I was touched by how many people were there. They came from all over and every part of your life. They came to remember you and they came to support us. It was very special. Terri sang Blackbird with Vin playing guitar and I sang Bist Du Bei Mir. I was nervous that I wouldn't get through it and that my voice would crack or I would start crying, but I knew how important that song was to you and Fred and I made it. I was pretty proud of myself and I feel like I can still see you cheering me on and telling me I can do it. Coco spoke, too, and she was so wonderful. She talked about you being kind and supportive and having the heart of a servant of both humanity and the Lord. She's always been such a good writer and able to put her thoughts and emotions into words that everyone around her can feel. I was a little irked at Kate and Margaret - the producers - for putting me right after her. Fred spoke second to last and told us how much he loves you, how proud he was of you every day for the past 18 years and how much he misses you. The very best part was the last, though, where you spoke to us. Mom played a video she took of you, her and Fred in Captiva around this time last year. She asked about your day and what your favorite and least favorite things were. You said how wonderful life is and how grateful you were to be able to spend it with the people you love. I know you didn't want to have everyone cry at your service, but we couldn't help it when you spoke such beautiful, true and poignant words.
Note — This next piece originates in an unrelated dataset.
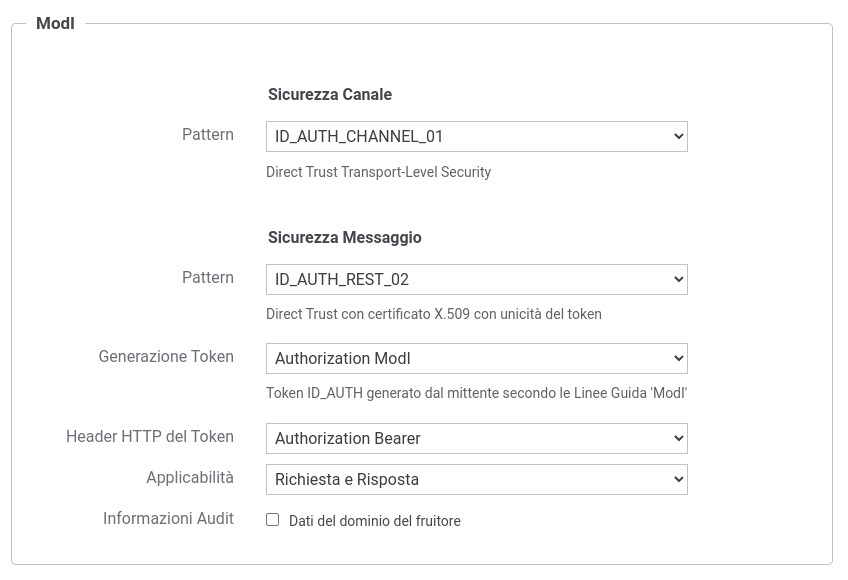 selezionare una “Generazione Token” di tipo “Authorization ModI” per far si che il Token “ID_AUTH” sia generato dalla parte mittente.

Tonight I was brushing my teeth and washing my face as I got ready for bed and it finally hit me that you're gone. I just miss you so much, Martha. I miss having you around to spend time with and to laugh with. You really had the best laugh. John hugged me while I cried but then he asked me if I knew where you are. I looked up at him and he pointed to my heart and said, "here." You're in my heart, you're in his heart, you're in Mom's and Dad's and my sisters' and the hearts of all the Mooses. You're in the hearts of your friends, your coworkers, your mentees. You're in Fred's heart and in Scout's.
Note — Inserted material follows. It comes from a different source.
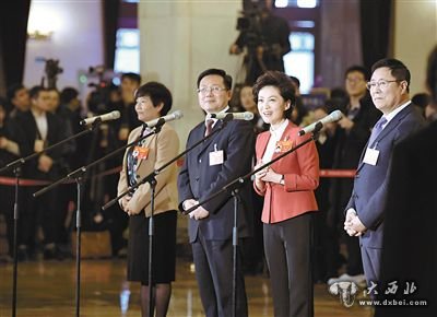 3月3日,中国人民政治协商会议第十三届全国委员会第二次会议在北京人民大会堂开幕。这是全国政协委员王宁利、海霞、张云勇、余留芬(从右至左)在“委员通道”接受采访。

I know you were there today with us so you don't really need me to recap it for you, but it feels good to do, so thanks for bearing with me. I have a feeling you like to hear it. John said Val videotaped the service, so if you want to rewatch it, you might be able to get it from her. I don't know the logistics of that, but I'm pretty sure that you could figure it out.
Thank you for always, always being there for me. You showed me how to be an aunt, how to be another mom. You taught me songs like What Makes the Lightening, Flea Fly and Tell Me Why that someday I'll sing to my kids. You showed me what it feels like to have someone support and love you and cheer you on constantly and unconditionally. I want to do that, too. I want to pass on the lessons I learned from you to the people in my life now and the people who will be in my life someday in the future. I'm sad that you won't meet my children, but I'll tell them all about you and how special you were. How special you are. I miss you, but I do still feel your presence and I think I always will. You are so loved in this world and I know you are even more in the next.